Whose Fault is it Anyway?

Today is National Richter Scale Day, which honors the birth of Charles F. Richter, the inventor of the Richter Scale. This scale is a quantitative measure of an earthquake’s magnitude (size), devised in 1935. So why are we talking about earthquakes in Colorado? We don’t experience earthquakes, right?

In truth, Colorado does have natural earthquakes and several potentially active faults capable of causing earthquakes as large as a magnitude between 6.5-7.5 according to the Colorado Geological Survey. The largest known earthquake in Colorado happened on November 7, 1882 at a magnitude of 6.6. Another earthquake, though not as large, was more economically devastating. This earthquake, centered near Commerce City, caused more than a million dollars of damage in Denver and the northern suburbs. It took place on August 9, 1967 and registered as a magnitude 4.8. It was followed by a magnitude 4.5 earthquake in November 1967. The cause of these earthquake was thought to be from the disposal of liquid waste into a 12,000 foot well drilled at the Rocky Mountain Arsenal, northeast of Denver. This removal process set off a series of quakes; many too small to be felt by residents. According to an article in the Cañon City Daily Record on October 18, 1989, the liquid lubricated the rocks enough that they slipped and released stress.

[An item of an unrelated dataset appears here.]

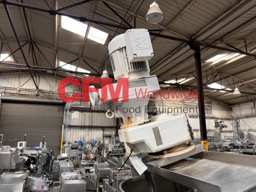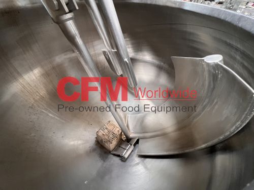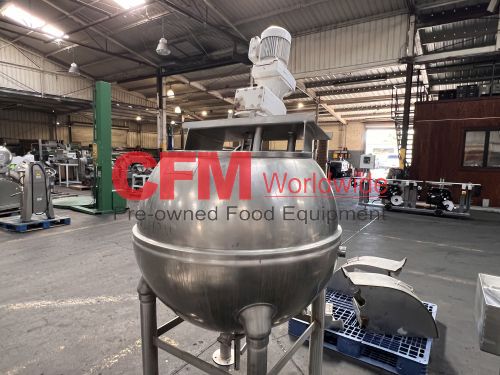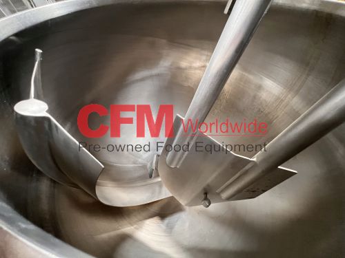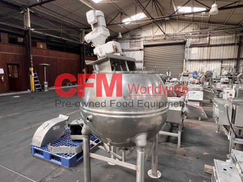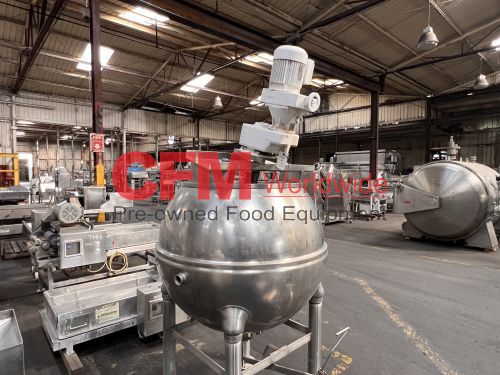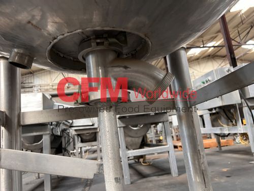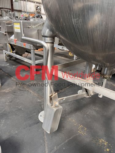 Groen model INA-150 spherical single motion agitated kettle, 100psi steam jacket, tilted agitation with a bottom scraper over the 3" center bottom discharge, with plow, with manual discharge valve, agitator driven by a 1.5hp SEW variable speed drive, 230/460/3/60, 316 stainless steel contact, stainless steel legs and bridge, 1986, serial number 129250, as is, good condition.

Fremont County and other surrounding counties have had their own experiences with earthquakes though none have caused significant damage. An article on March 18, 1985 reported on an earthquake that took place in Salida. It registered as a 3.2 magnitude and no damage or injuries were reported. Another rare quake was reported in southern Colorado (including Fremont County) in December 1995. According to the Cañon City Daily Record on December 26, 1995, the quake registered as a magnitude 3.6 and was centered 10 miles southwest of Colorado Springs. The quake only lasted between 3-5 seconds.

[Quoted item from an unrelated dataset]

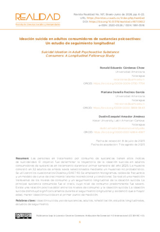| Title: | Ideación suicida en adultos consumidores de sustancias psicoactivas: Un estudio de seguimiento longitudinal |

In 2008, another quake was felt by Cotopaxi residents. It had enough energy to be felt, but no damage was caused. It registered as a 3.1 magnitude and occurred at about 8:45 pm on January 25. One resident called the sheriff to clarify it wasn’t a plane crash or something similar after checking with his neighbors that they also felt it.

Despite these occurrences, earthquakes are still rare in Colorado and are only occasionally felt. However rare they are, it doesn’t hurt to have the facts!

The information presented in this article is compiled using research conducted by the Royal Gorge Regional Museum and History Center.